Erinnern Sie sich an das trostlose Scheitern der Klimakonferenz 2009 in Kopenhagen, an peinliche Treffen in Hotelzimmern und an Staatsmänner, die wie auf einem Bazar handelten? Die USA waren offen gesagt nie ein Vorreiter in Sachen Klimaschutz und das hat sich auch unter Obama nicht wirklich verändert. Unter Trump merkt man, wie labil das US-Bekenntnis in Sachen Klima tatsächlich ist. Manchmal gibt es ein absurdes Hin- und Her: Im November 2015 etwa stoppte US-Präsident Barack Obama den Bau der umstrittenen Keystone XL Pipeline.
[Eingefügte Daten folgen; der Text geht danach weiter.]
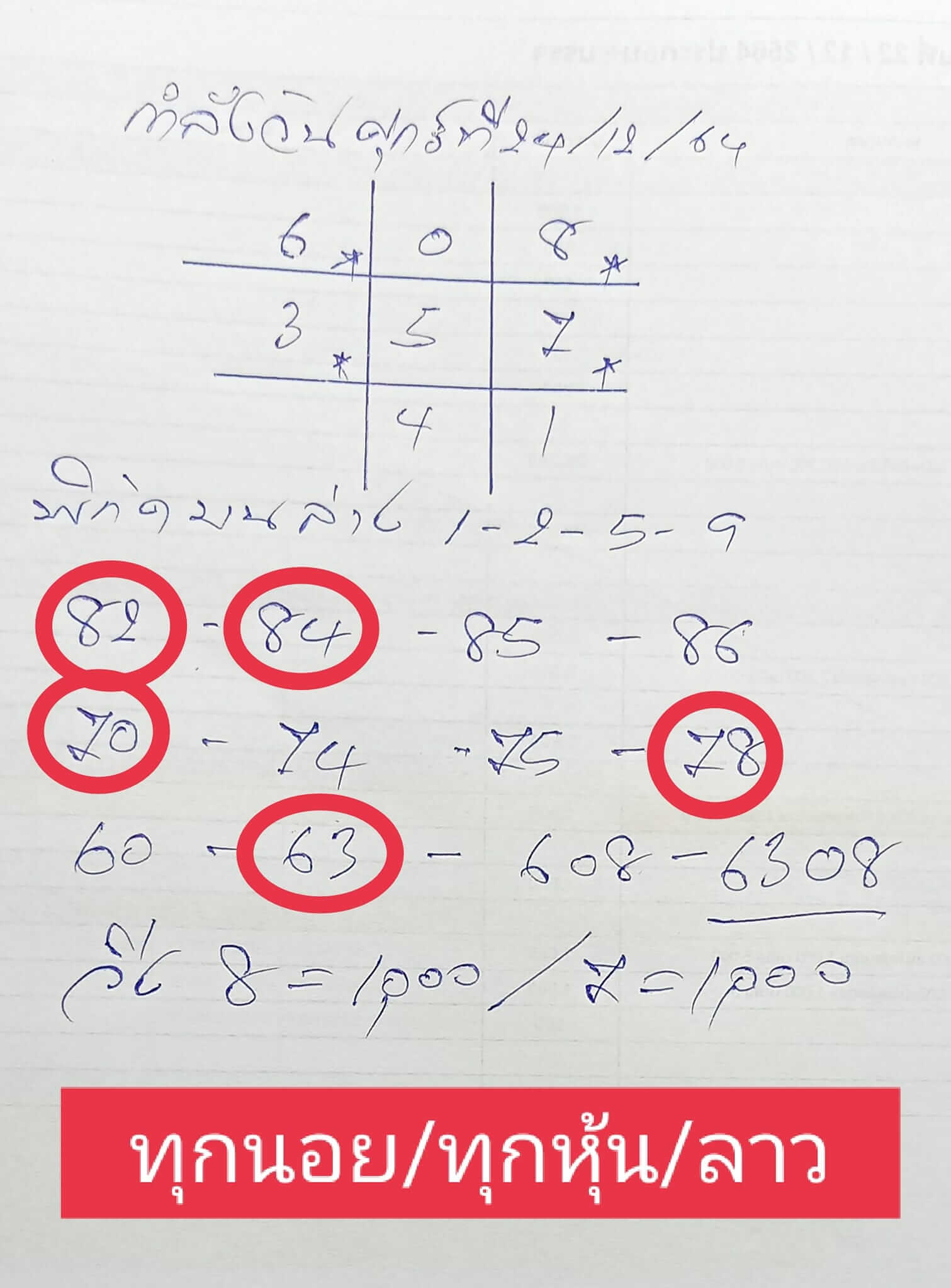 หวยลาว 24/12/64 สถิติหวยลาวออกวันศุกร์

Bei dieser Nord-Süd Pipeline soll Öl aus kanadischen Ölsanden zur Weiterverarbeitung nach Texas geleitet werden. Untersuchungen zeigten, dass bei dieser Ölgewinnung etwa 17 % mehr CO2 freisetzt wird als beim konventionellen Öl Abbau in den USA. Donald Trump genehmigte am 24. März 2017 erneut den Weiterbau der Pipeline und kürzt den Etat der Umweltbehörde. All das im Dienste von „America first!“.
Doch der Klimawandel schreitet fort:
2016 ist das dritte Jahr in Folge, das einen neuen globalen Wärmerekord aufgestellt hat. Das ist real.
Im August 2016 sorgten Extremregenfälle im US Bundesstaat Louisiana für katastrophale Überschwemmungen. Über 140 000 Häuser wurden zum Teil zerstört. Der Schaden wird auf über 10 Mia. Dollar geschätzt.
Zwei Monate später war ich Vorort und sah immer noch die massiven Auswirkungen der Überschwemmungen. Ich sprach in Baton Rouge mit Anwohnern, die alles verloren hatten. Einer von ihnen hieß John, ein Automechaniker. Das Wasser hatte sein Haus aufgeweicht und sein ganzes Hab und Gut: Möbel, Matratzen, Bücher, Kleider – alles schimmelte vor sich hin. Der Anblick war absurd. Vor seinem Haus türmte sich ein riesiger Haufen von Sperrmüll. Fast alles, was er besessen hatte, musste er entsorgen. Da stand sein ganzes Leben an der Straße. John hatte keine „flood insurance“; keinen Versicherungsschutz, denn mit derartigen Überschwemmungen hatte niemand gerechnet. John’s Existenz wurde über Nacht durch den Starkregen zerstört, denn das Wasser überflutete auch seine Werkstatt. Die angebotenen 500 US$ staatliche Hilfe hat er abgelehnt. Den Beamten setzte er vor die Tür; er halte nichts von „Symbolpolitik“ sagte er mir.
Wenn Trump also wieder ein Dekret unterschreibt und allen davon erzählt, dass „America first“ gilt, dann frage ich mich, wer kommt „first“? Die großen Energiekonzerne oder John, der durch den fortschreitenden Klimawandel alles verlor.